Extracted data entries
((

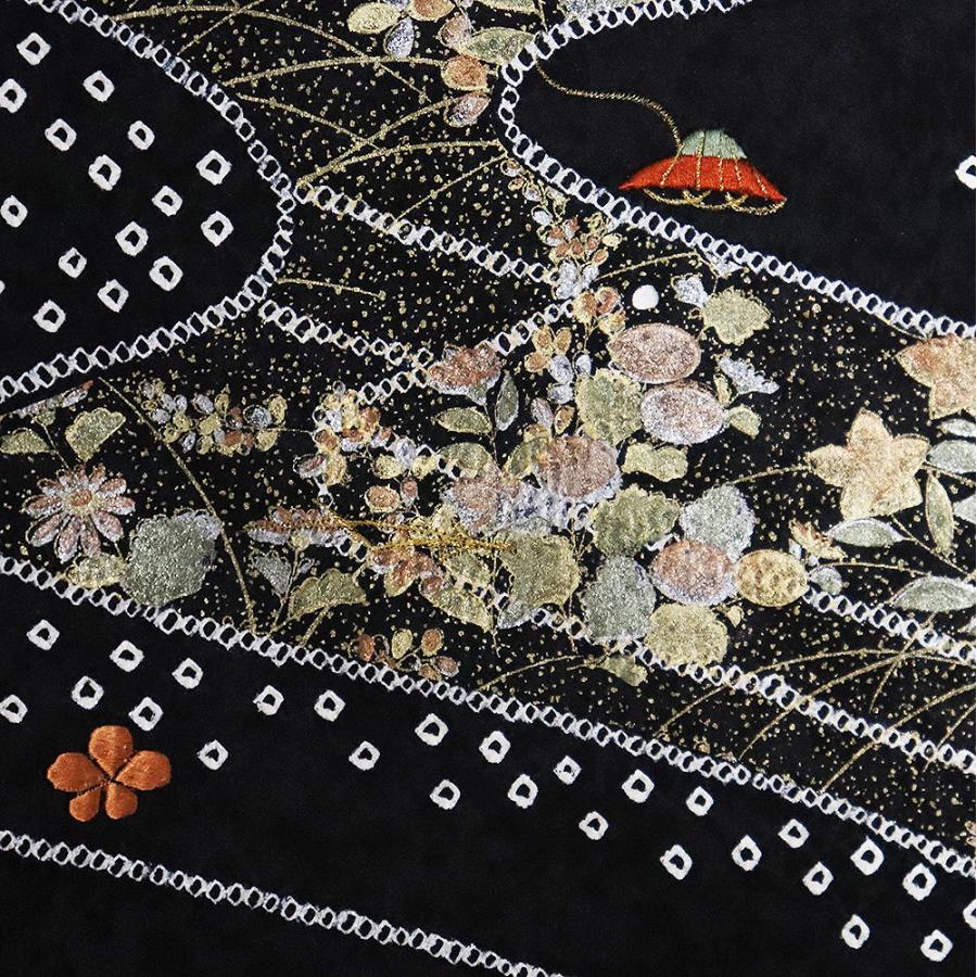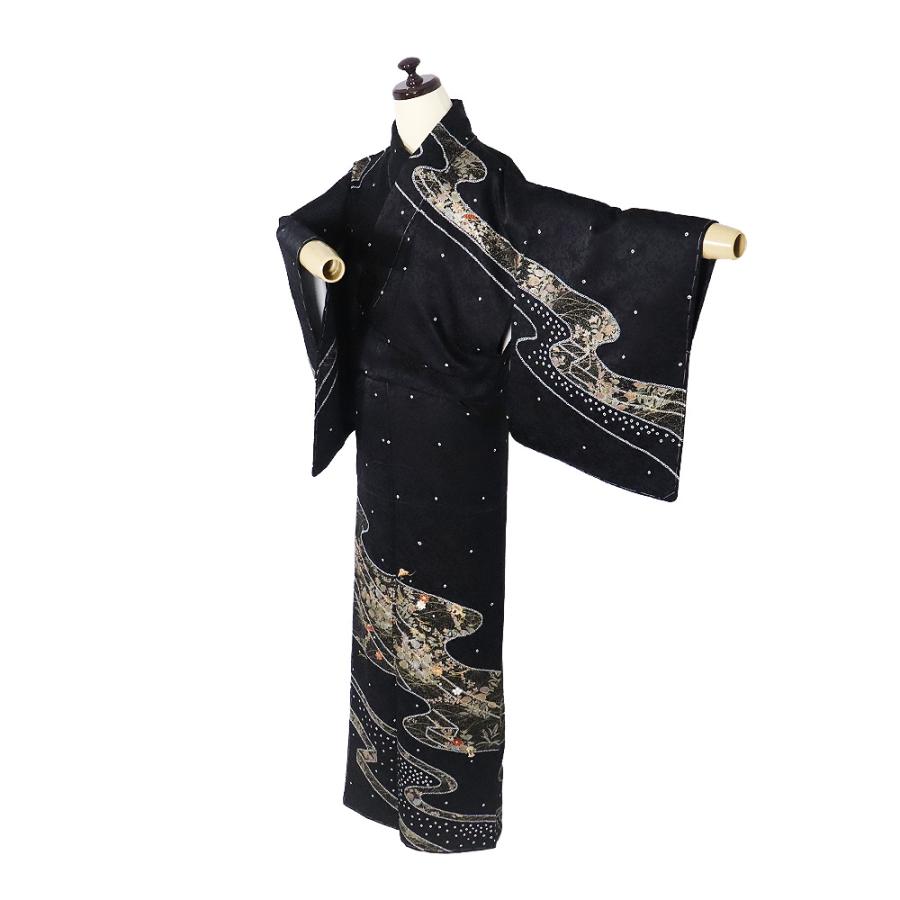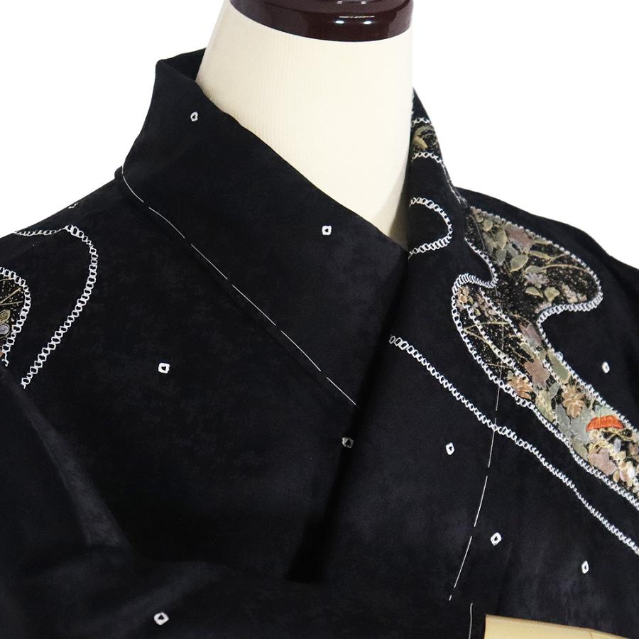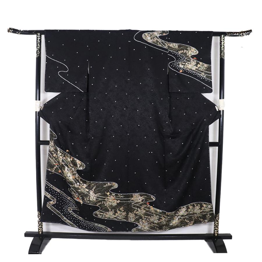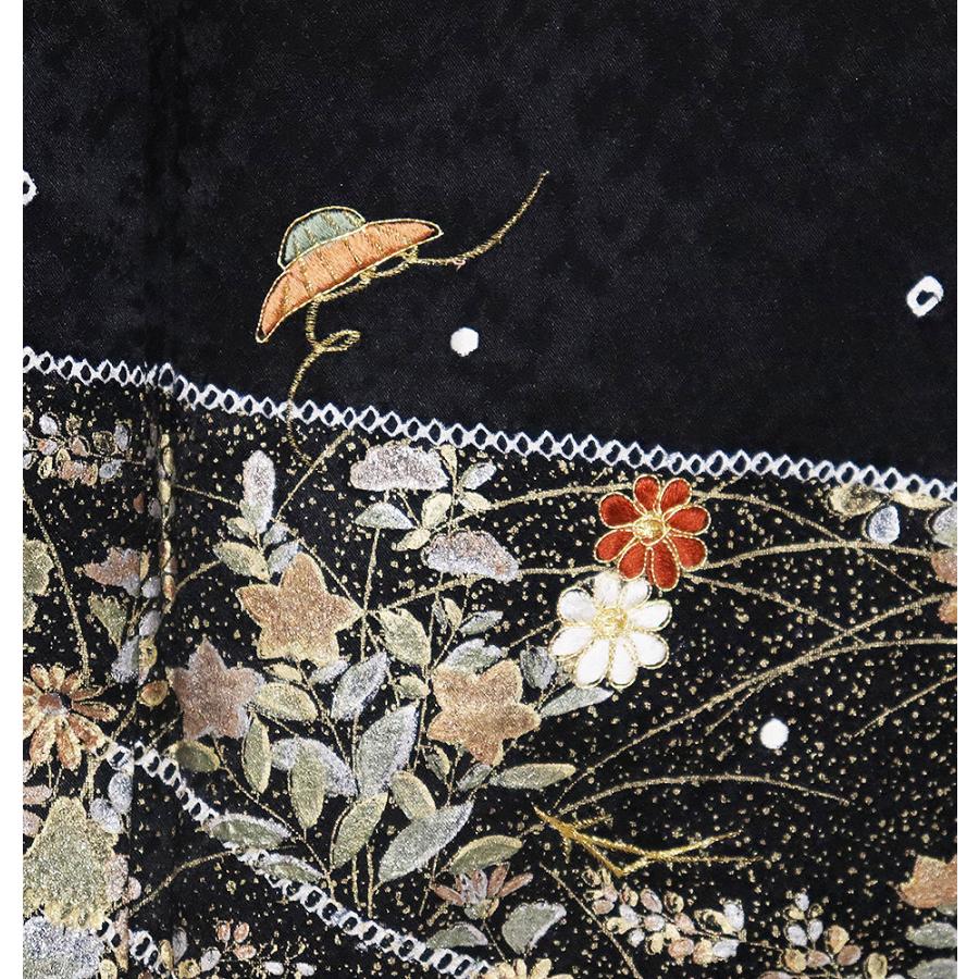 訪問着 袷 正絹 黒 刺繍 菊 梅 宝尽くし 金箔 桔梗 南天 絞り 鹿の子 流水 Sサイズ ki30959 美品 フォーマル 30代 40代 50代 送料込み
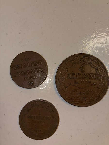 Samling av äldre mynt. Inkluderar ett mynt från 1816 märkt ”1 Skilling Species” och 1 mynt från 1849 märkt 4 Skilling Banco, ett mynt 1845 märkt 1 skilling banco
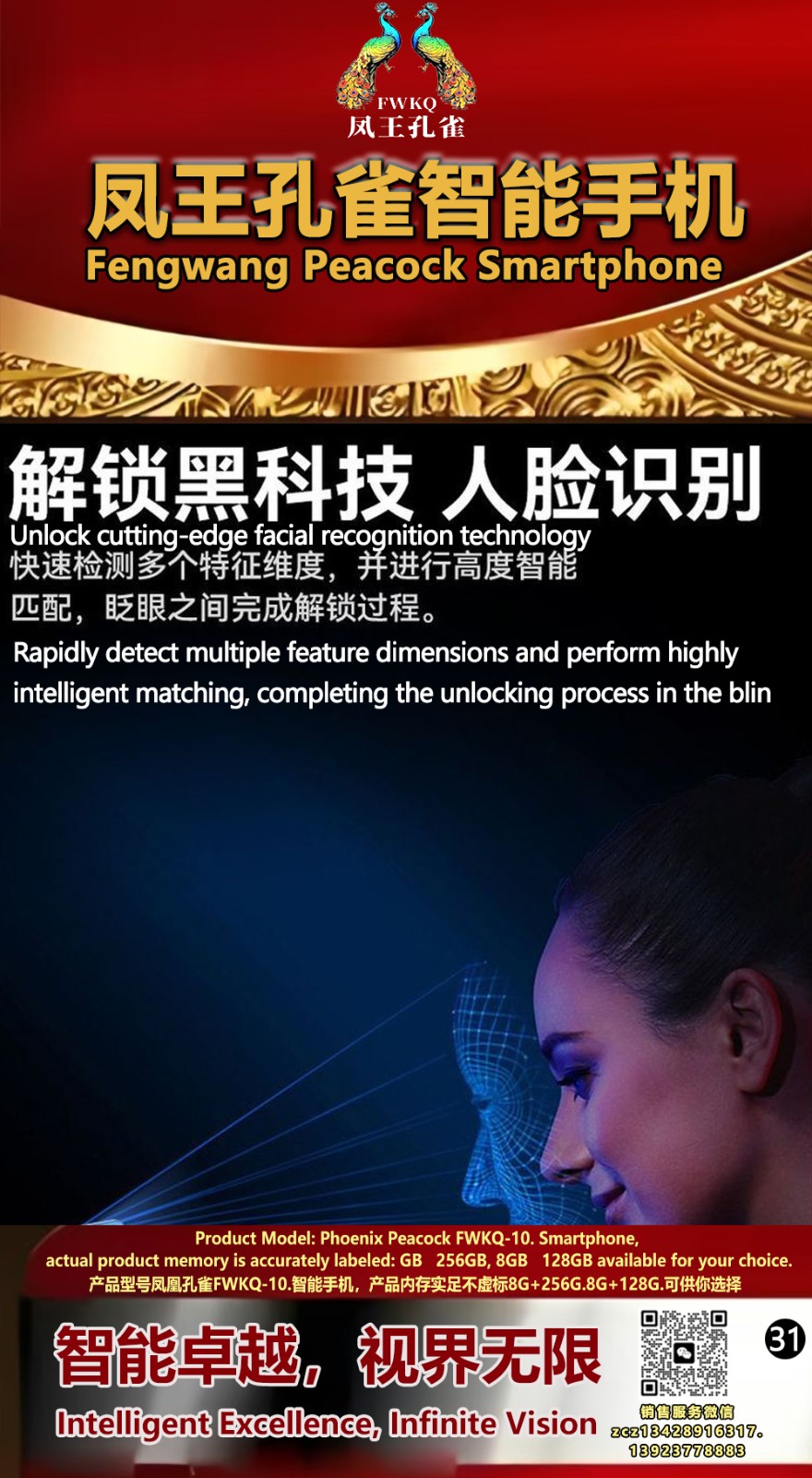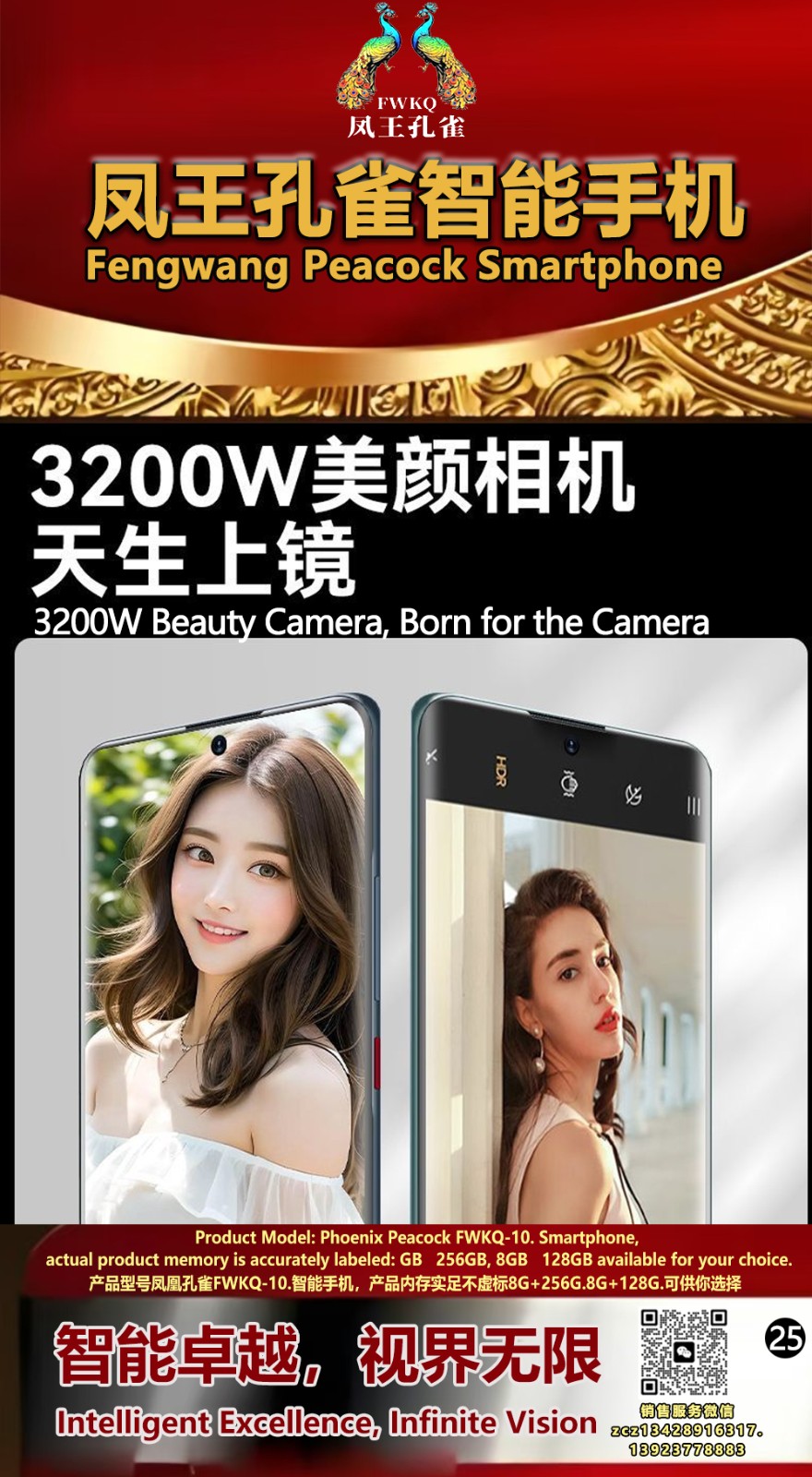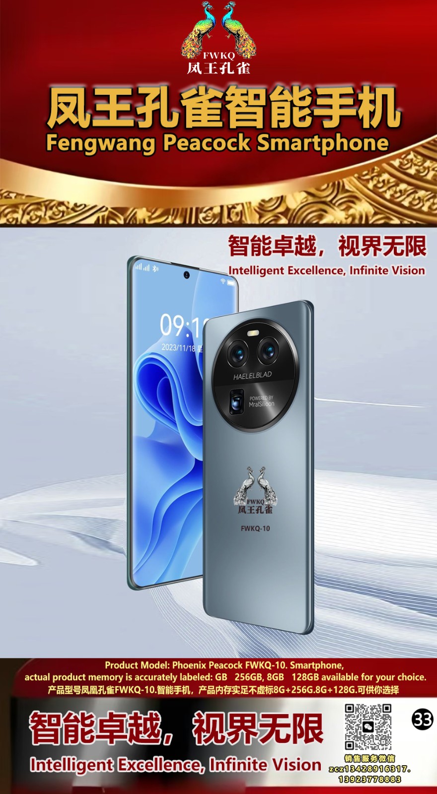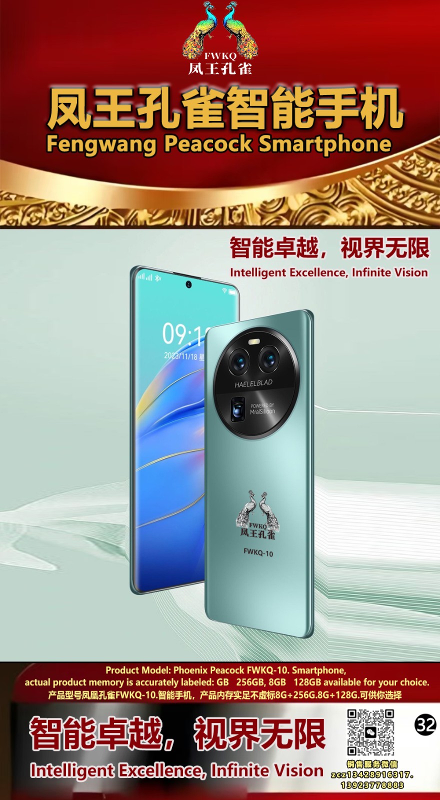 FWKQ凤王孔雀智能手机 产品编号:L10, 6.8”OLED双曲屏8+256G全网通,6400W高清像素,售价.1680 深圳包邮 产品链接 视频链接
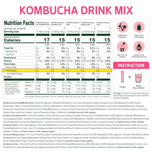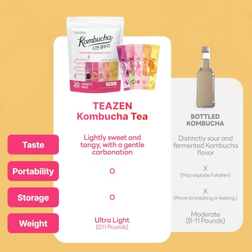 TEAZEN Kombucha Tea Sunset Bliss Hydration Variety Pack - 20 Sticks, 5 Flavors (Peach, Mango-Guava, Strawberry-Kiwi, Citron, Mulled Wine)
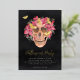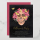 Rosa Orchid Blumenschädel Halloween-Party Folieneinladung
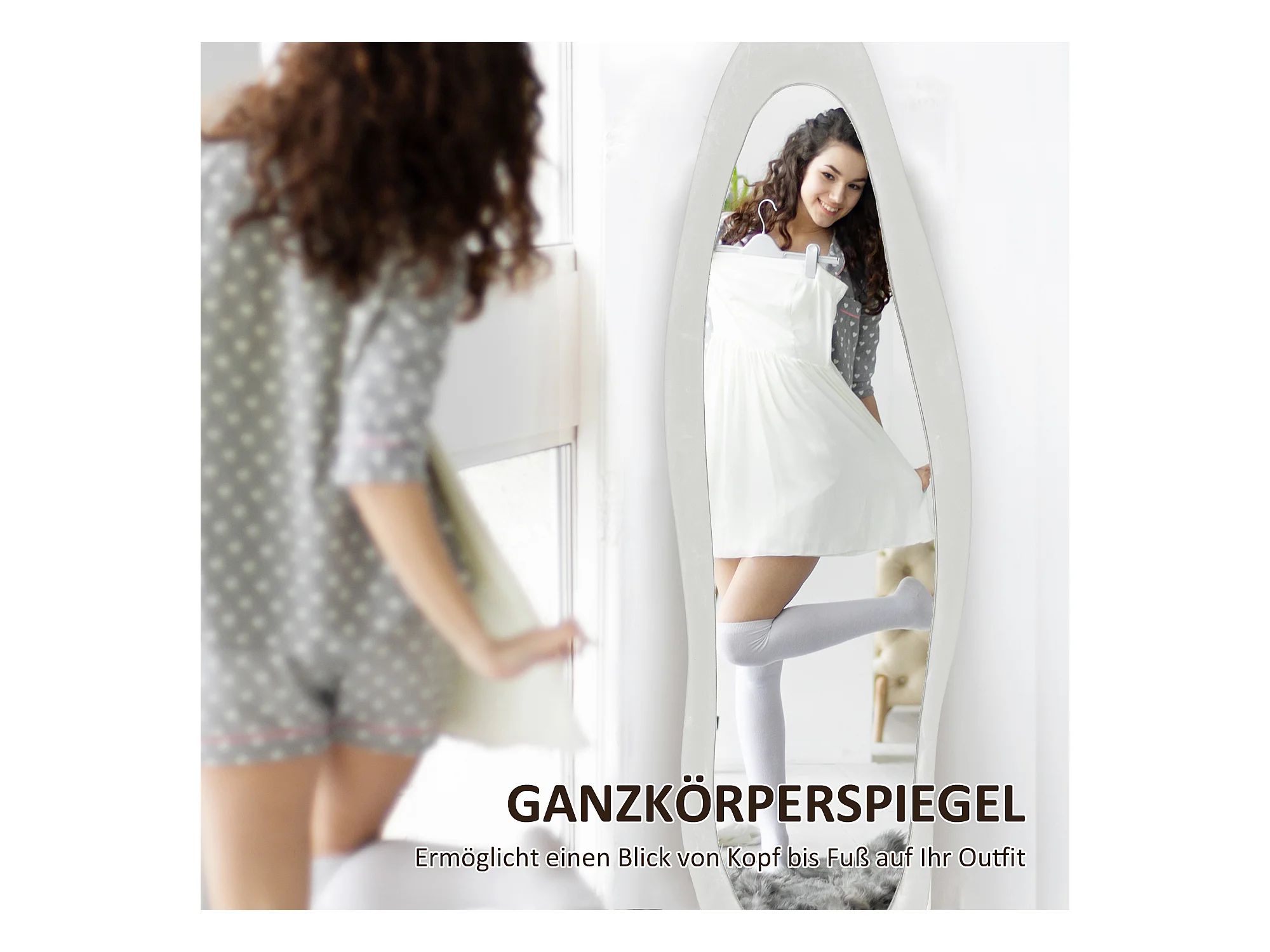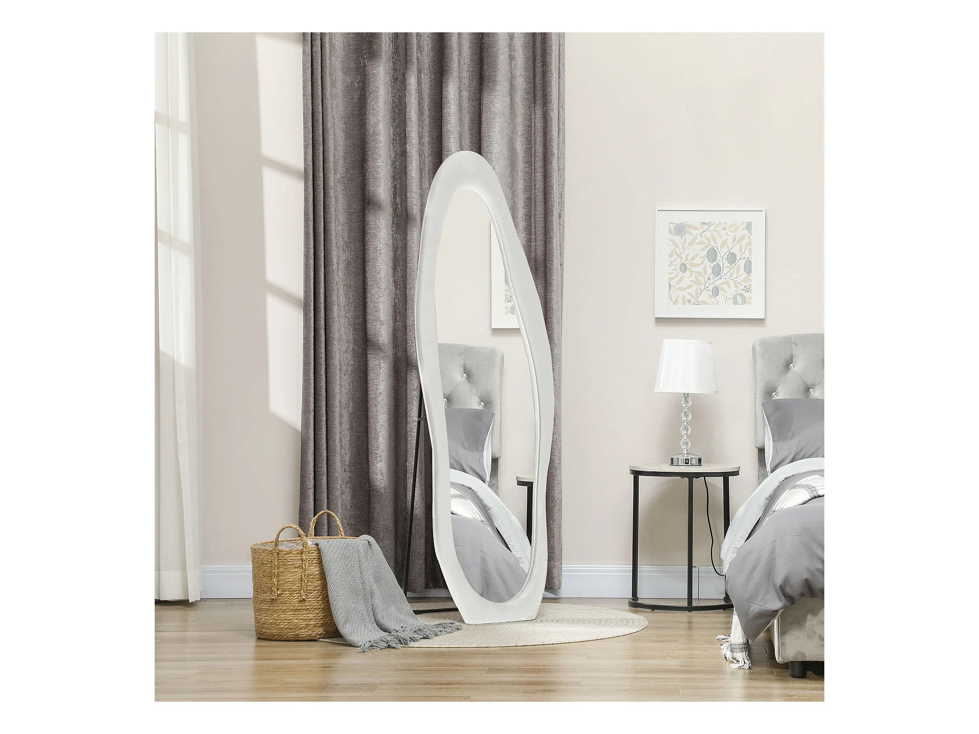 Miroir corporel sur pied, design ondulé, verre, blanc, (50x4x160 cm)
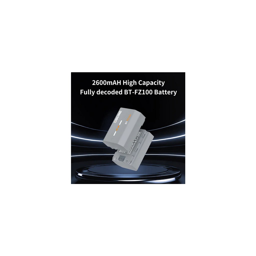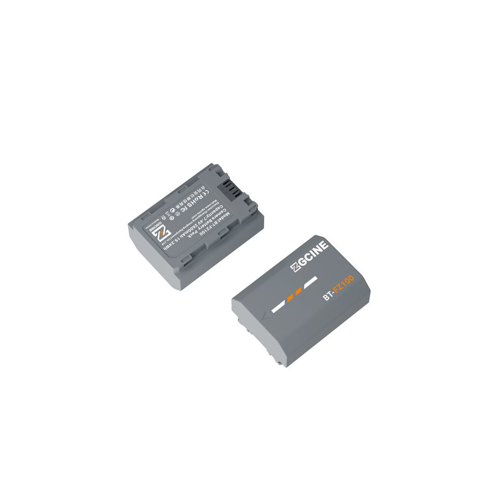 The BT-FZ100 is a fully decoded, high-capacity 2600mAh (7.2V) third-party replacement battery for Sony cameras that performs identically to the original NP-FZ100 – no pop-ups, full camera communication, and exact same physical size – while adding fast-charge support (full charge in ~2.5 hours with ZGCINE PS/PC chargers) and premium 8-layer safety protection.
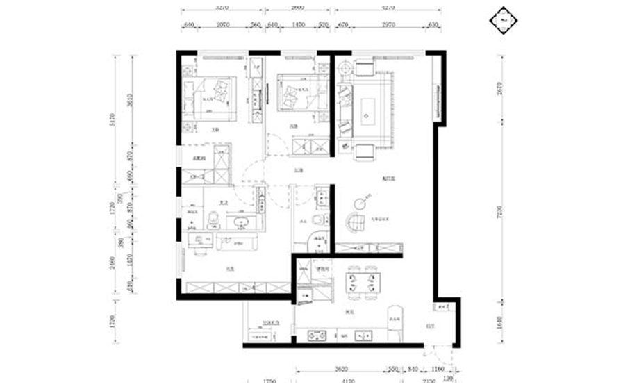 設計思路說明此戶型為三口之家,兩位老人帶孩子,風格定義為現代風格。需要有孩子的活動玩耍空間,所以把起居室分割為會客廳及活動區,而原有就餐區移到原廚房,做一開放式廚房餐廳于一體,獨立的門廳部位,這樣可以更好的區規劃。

))

Task details
Extract exactly the lines above from the line containing "深圳包邮 产品链接 视频链接" through the last one, both ends included, but not the pictures.

Task solution
 FWKQ凤王孔雀智能手机 产品编号:L10, 6.8”OLED双曲屏8+256G全网通,6400W高清像素,售价.1680 深圳包邮 产品链接 视频链接
 TEAZEN Kombucha Tea Sunset Bliss Hydration Variety Pack - 20 Sticks, 5 Flavors (Peach, Mango-Guava, Strawberry-Kiwi, Citron, Mulled Wine)
 Rosa Orchid Blumenschädel Halloween-Party Folieneinladung
 Miroir corporel sur pied, design ondulé, verre, blanc, (50x4x160 cm)
 The BT-FZ100 is a fully decoded, high-capacity 2600mAh (7.2V) third-party replacement battery for Sony cameras that performs identically to the original NP-FZ100 – no pop-ups, full camera communication, and exact same physical size – while adding fast-charge support (full charge in ~2.5 hours with ZGCINE PS/PC chargers) and premium 8-layer safety protection.
 設計思路說明此戶型為三口之家,兩位老人帶孩子,風格定義為現代風格。需要有孩子的活動玩耍空間,所以把起居室分割為會客廳及活動區,而原有就餐區移到原廚房,做一開放式廚房餐廳于一體,獨立的門廳部位,這樣可以更好的區規劃。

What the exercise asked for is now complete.